Thanks very much for the question and I hope you'll be able to find my answer to you since I didn't have an email address to reply directly.  Anyway, I don't really know if the corks on the wall have improved the acoustics in my sewing room.  For starters, I don't think we have enough area completed.  The walls we've been doing are in the basement and the ceiling there is lower so the acoustics are already pretty good (i.e. we don't get echoes like you would in a large, empty room).  I hope that helps...

SO!  I have finally sewn something and completed it!  I started this project in January and it was literally work on one very small thing a day, with many days that I didn't have time or energy to work.  It was rather depressing.  Equally depressing, I finished this in April and have not had a chance to BLOG!

McCall 6469
I made View D, the top left corner pic.

My fabric--a polyester sheer with gold metallic from Joann's.  It's NOT as bright as this pic...

I guess most people post something about construction and I intended to but these pictures just leave a lot to be desired.  The fabric was really difficult to photograph (and work with...if I'm going to invest that much time and energy in a project, that fabric had best be SILK!!!).  I'll add a bit about the neckline elastic that creates the gathers in the front upper bodice.

The top went together pretty easily, but I didn't like the instructions for the elastic on either side of the neckline.  Rather than struggle through their finnicky method, I developed my own (also finnicky) method.  This would not have been nearly so difficult if I could've marked the fabric easily and well.  Between it being a very dark and a very busy print (and polyester), nothing I tried worked well in the marking department--various types of white/gray pencils, chalks, thread basting (the fabric kept moving...)

So, what I did was to stitch the elastic where it needed to go when I stitched the neckline seam.  I made sure to put a small safety pin at the other end of the elastic so I could work it through the casing later.  I had not stitched the two rows to form the casing at that point.  Next, I turned and pressed the entire upper bodice and stitched 1 row of the casing.  A little lumpy with the safety pin.

Then, I stitched the 2nd row of the casing and eased the elastic through, securing it in the armhole seam.  Nothing too exciting and I'm not sure that the pattern directions would not have been better...
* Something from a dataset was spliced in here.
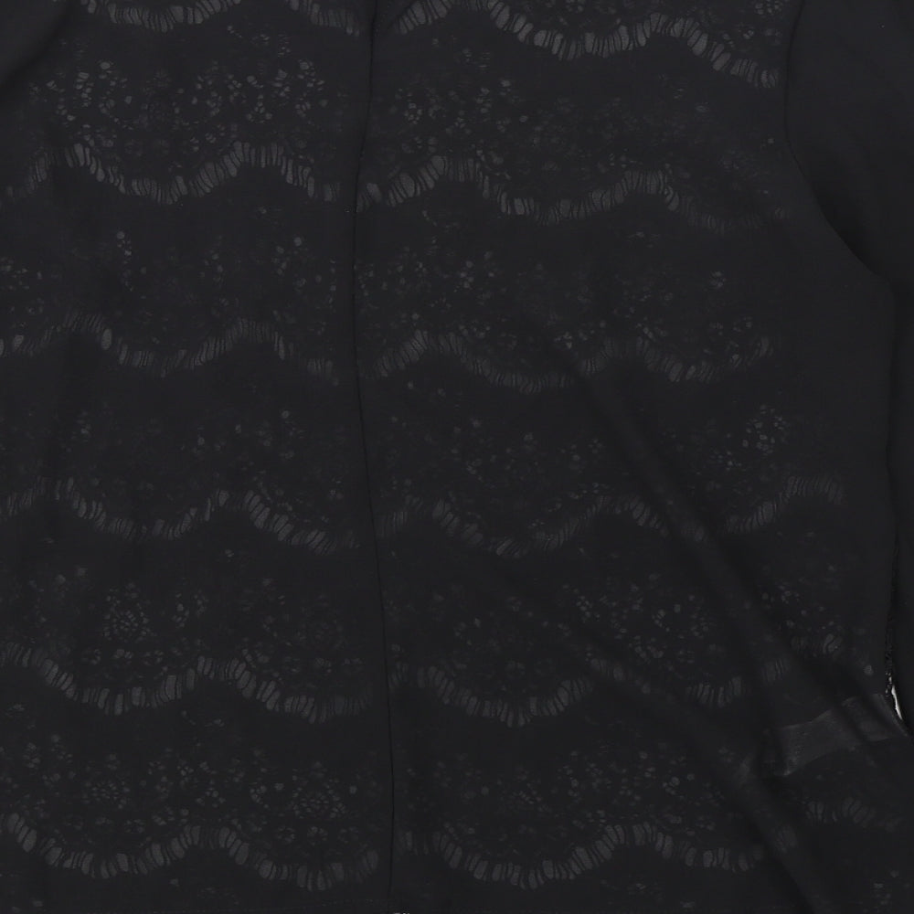 Womens Black Polyester Basic Blouse Size M Mock Neck - Lace Front
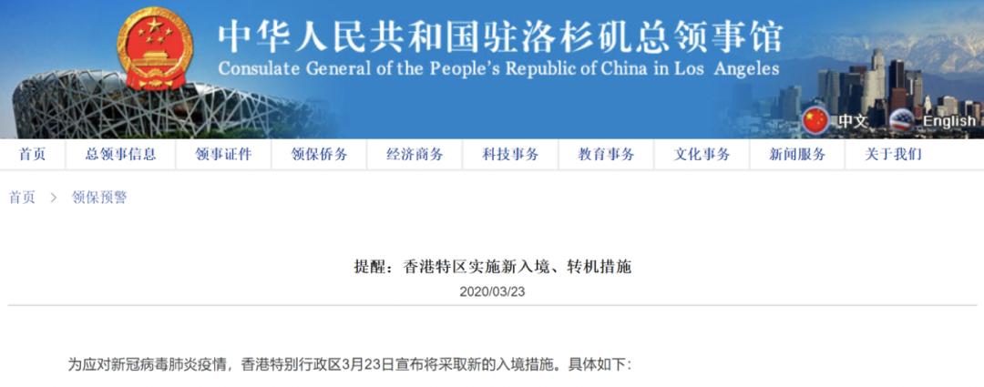 美国:驻洛杉矶总领馆提醒关注国内最新入境、转机措施

Work on the casing beside the neckline.

The upper bodice with one side of the elastic all completed and the other side pinned and in progress...  And, this is the color of the fabric in real life, busy but not as bright as the other photos.

Wiggling the elastic through.  I don't know why, but when I went to buy elastic they didn't have any black.  This would've looked much better with black!

I raised the neckline by a good 1.5" and it still wasn't enough.  I need to shop for a cami to wear underneath it.  Additionally, the shoulder seam pulls forward quite a bit (is that why the model on the pattern has her shoulder positioned oddly?).  The front of the bodice needs to be longer to adjust this--wish I had been able to catch this sooner, but despite trying on during the process it was difficult to notice that it would be a problem.

No pictures on me because it just wasn't happenin'!

The back is longer than the front--should've taken a side view, too.  It's pretty neat.
And now that it's done, the weather is too warm for it!  Ha haha!  I'm not sure that I like it because of the sleeves and the volume of fabric.  I did want something different and floaty and this meets those requirements but...I'm still not sure it's "me".  That's okay, it was an interesting and engaging project and I know that I will wear it some when the weather cools down much later this year :)

More later--I have been sewing quite a bit, just not posting at all!